The United States has almost doubled its assistance to the G5 Sahel Joint Force member states to almost $111 million, the U.S. military’s Africa Command said.
Launched in 2014 to improve cooperation on development and security between Burkina Faso, Chad, Mali, Mauritania and Niger, the G5 Sahel began work in 2015 on the G5 Sahel Joint Force, a counter-terrorism initiative which was spearheaded by France, the colonial power in the region.
A June 2017 United Nations Security Council resolution called for international support, and the force launched a month later with a mandate to combat terrorism, transnational organized crime and human trafficking in the Sahel area.
“We’re able to confirm that since our initial pledge of $60 million in October 2017, U.S. assistance has nearly doubled to approximately $111 million to meet the needs and strengthen the capabilities of the G5 Sahel Joint Force,” Africom public affairs officer Nate Herring told The Defense Post.
“We stand by and are committed to this important African-led initiative as they work to bring peace and security to the Sahel,” he added.
A U.S. State Department official told The Defense Post the funding was obligated in Fiscal Year 2018.
“The $111 million in direct security assistance to the Joint Force includes State Foreign Assistance and DOD program funds,” the official said.
“An additional $131 million in non-Joint Force security assistance was obligated to the G5 countries,” the official added, explaining that that assistance is “focused on strengthening the military, justice, and law enforcement capabilities of our G5 partners.”
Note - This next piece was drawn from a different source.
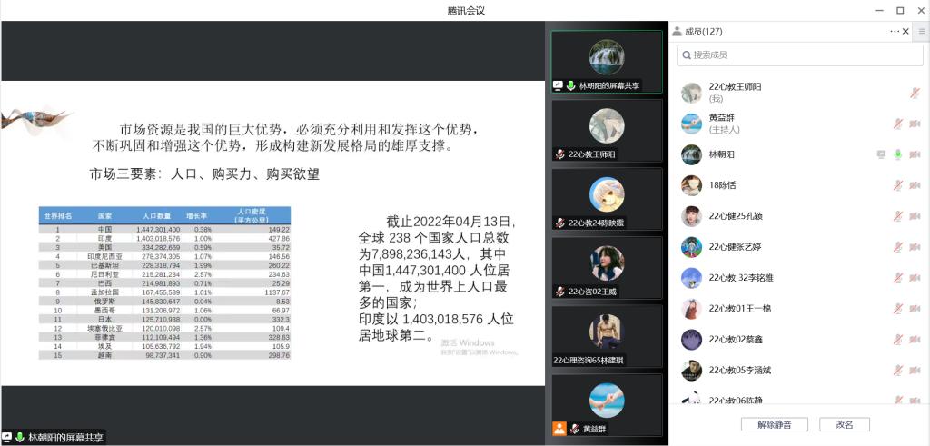 2022年11月9日,人文与管理学院党总支书记林朝阳为22心理健康教育与22心理咨询的新生讲授题为“建设统一大市场 畅通全国大循环”的形势与政策课。受疫情影响,本次课程通过线上平台进行。

Originally projected to be fully up and running last March, the force has struggled to make a significant impact, mainly due funding and organizational issues. Its first mission, November 2017’s Operation Hawbi, was beset by “logistical problems” although officials insisted at the time they were not insurmountable.
France’s Minster for the Armed Forces Florence Parly said on October 8 that five operations had been conducted since, and the force was to launch three operations in “coming weeks.”
Her comments followed earlier remarks made by the new G5 Sahel joint force commander, Mauritanian General Hanena Ould Sidi, who said on October 2 the force was planning operations that “will take place shortly” with a view to “neutralize terrorists.”
He replaced the force’s first commanding officer, Malian General Didier Dacko, after a suicide bomb and gun attack destroyed its headquarters in Sevare. The June 29 assault was reportedly claimed by an official from the Support Group for Islam and Muslims (JNIM), which is linked to al-Qaeda.
The European Union said in July that it would finance the construction of a new headquarters in Mali, and Hanena Ould Sidi said in September that G5 Sahel Joint Force headquarters will move to Mali’s capital Bamako.
Thirty-five senior officers were inducted into the G5 Sahel Defence Academy in the Mauritanian capital Nouakchott on October 15. The eight-month program aims to train future leaders of the joint force.
It is unclear when the decision to increase U.S. support was taken, but it was flagged by Parly, who said during a joint press conference in Paris with U.S. Defense Secretary James Mattis on October 2 that the U.S. would “very significantly” increase its contribution.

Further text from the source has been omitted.